Reviews of Meanwhile Take My Hand
“The poems are a beacon of light and memory, surrounded by conflict, explosion and interruption.”—Los Angeles Times Book Review
“Elizabeth Macklin’s translation is crisp and pure.”—New York Newsday
“Unusually wise for a young man.”—Booklist
“[Uribe’s] lyricist’s sensibility teaches him to write poems as lucid and lilting as songs.” —The Harvard Book Review
“Elizabeth Macklin is the first American poet to venture deep into
Euskara, that unexplored territory, and she’s found there a
contemporary ancient lyricist.
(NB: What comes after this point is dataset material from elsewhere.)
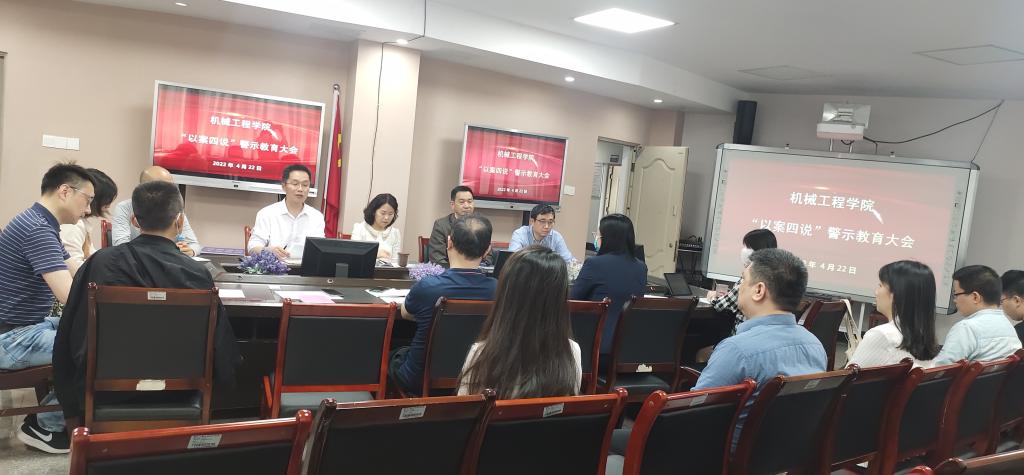 2022年4月22日上午,机械工程学院纪委在慧智楼90709学院会议室召开“以案四说”警示教育大会,学院班子、各系和实验室及工程中心负责人、行政人员及全体辅导员参加了教育大会。会议由学院党委副书记、纪委书记陈春洁主持。

Fishermen and modernists, history and
eroticism, cuckoos and e-mails, fairy tales and newspaper clippings:
Uribe’s olive tree ‘lives two thousand years but tends to remember
nothing.’ His poems remind us that poetry tends to remember everything.”—Eliot Weinberger
“Thank you Elizabeth Macklin for bringing to English readers the poetry
of Kirmen Uribe written in the oldest European language. Macklin’s
English, like Uribe’s Euskara, is lyrical with a hard edge, sad and
funny, rich in paradoxes. Uribe is a poet of consequence and Macklin
has accomplished no small feat.” —Mark Kurlansky, author of The Basque History of the World
“Sharply alive, prolific of freshness, in Meanwhile Take My Hand
no poem lacks its flash of discovery and verbal surprise. Here is new
pleasure, access freely given to a deep culture unknown to most of us.
A vivid inheritance, written and oral, comes over to us richly in these
savvy, wry, and hope-filled lyrics. Uribe welcomes us with incursive
thought and a ready diction, quick to strike home. Because the English
text is such a joy to read, the translations must be excellent.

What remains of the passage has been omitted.